Why do you think that? It seems fairly clear the mass appeal of the mystery faiths was growing almost exponentially in the Mediterranean world by the mid 1st Century C.E. Christianity had the advantage among those rising faiths in having apparently most of the best minds of the times, and developing the best "tool" kit for proselytizing. Nothing is certain - at least if you don't believe in determinism - but some directions chose are much more highly likely than others.
I've been listening, lately, to
this lecture on the rise of Christianity with a Professor Kenneth Harl and one thing he makes a big deal of is that's it's NOT fairly clear that the mass appeal of mystery faiths was growing. He spends an entire lecture making clear that, in his expert opinion, what we are calling mystery cults were nothing new and existed, not just in parallel with traditional polytheistic faiths, but embedded within those traditions. The Eleusinian Mysteries, for example, are literally Archaic, older than the Classical practice of traditional Greek polytheism itself. Others, like Serapis and Isis, are much more evidence of Hellenistic syncretism than of declining traditional paganism.

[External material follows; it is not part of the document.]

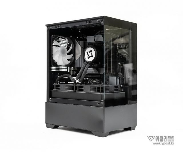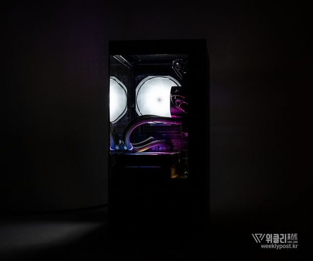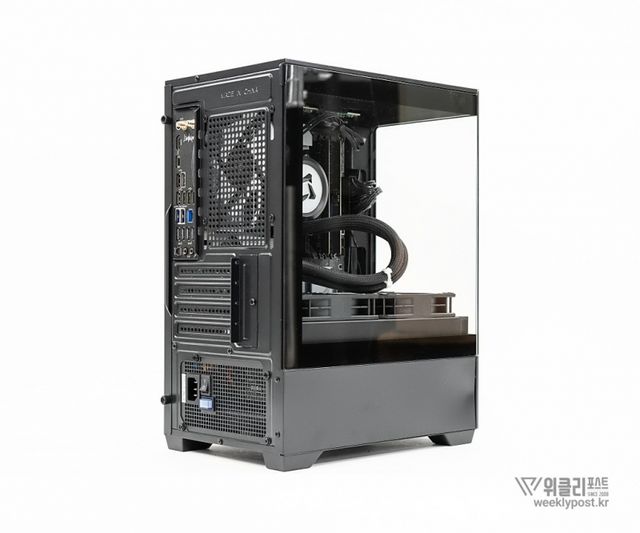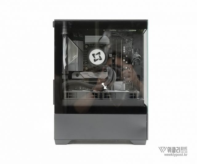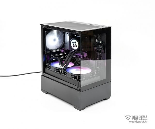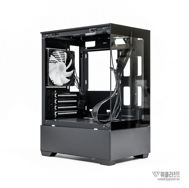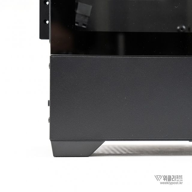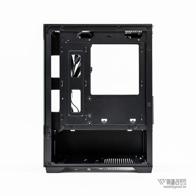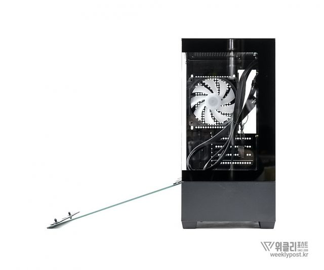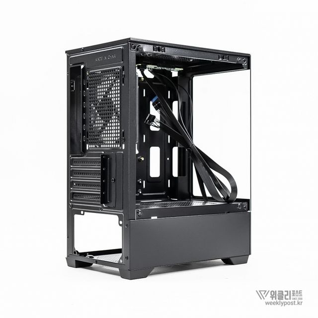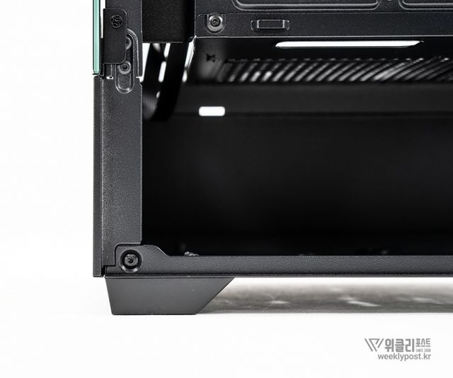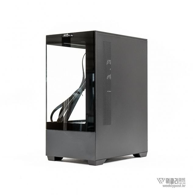 특징은 요즘 트렌드에 맞춰 전면과 측면이 확 트인 강화유리로 된 2면 파노라믹 글라스. 금속 프레임 안쪽에 마련된 매우 넓은 파노라믹 뷰는 개방감이 돋보이며 시스템 내부부품의 작동상황을 쉽게 확인할 수 있다. LED 등으로 화려한 튜닝효과를 내면 보는 재미까지 잡을 수 있는 우수한 형태다.

Christianity wouldn't have
gone away without Constantine's conversion, in Harl's view, but it wouldn't have necessarily risen to dominate the Greco-Roman and post-Roman European world. Traditional polytheism was vibrant and healthy well into the 2nd century and the slip in its vitality in the 3rd century and into the 4th had more to do with the general slip in Roman institutions and culture during the crisis than anything specific to the religion. There's no deep reason to suspect a recovery in the former wouldn't be accompanies by a recovery in the latter.
I am not expert enough on the subject to tell, definitively, whether Harl's views are just eccentricities, outside the mainstream of scholarship, but they present a pretty serious challenge to the picture of late Roman polytheism as anemic, desperate to be replaced by something more vital.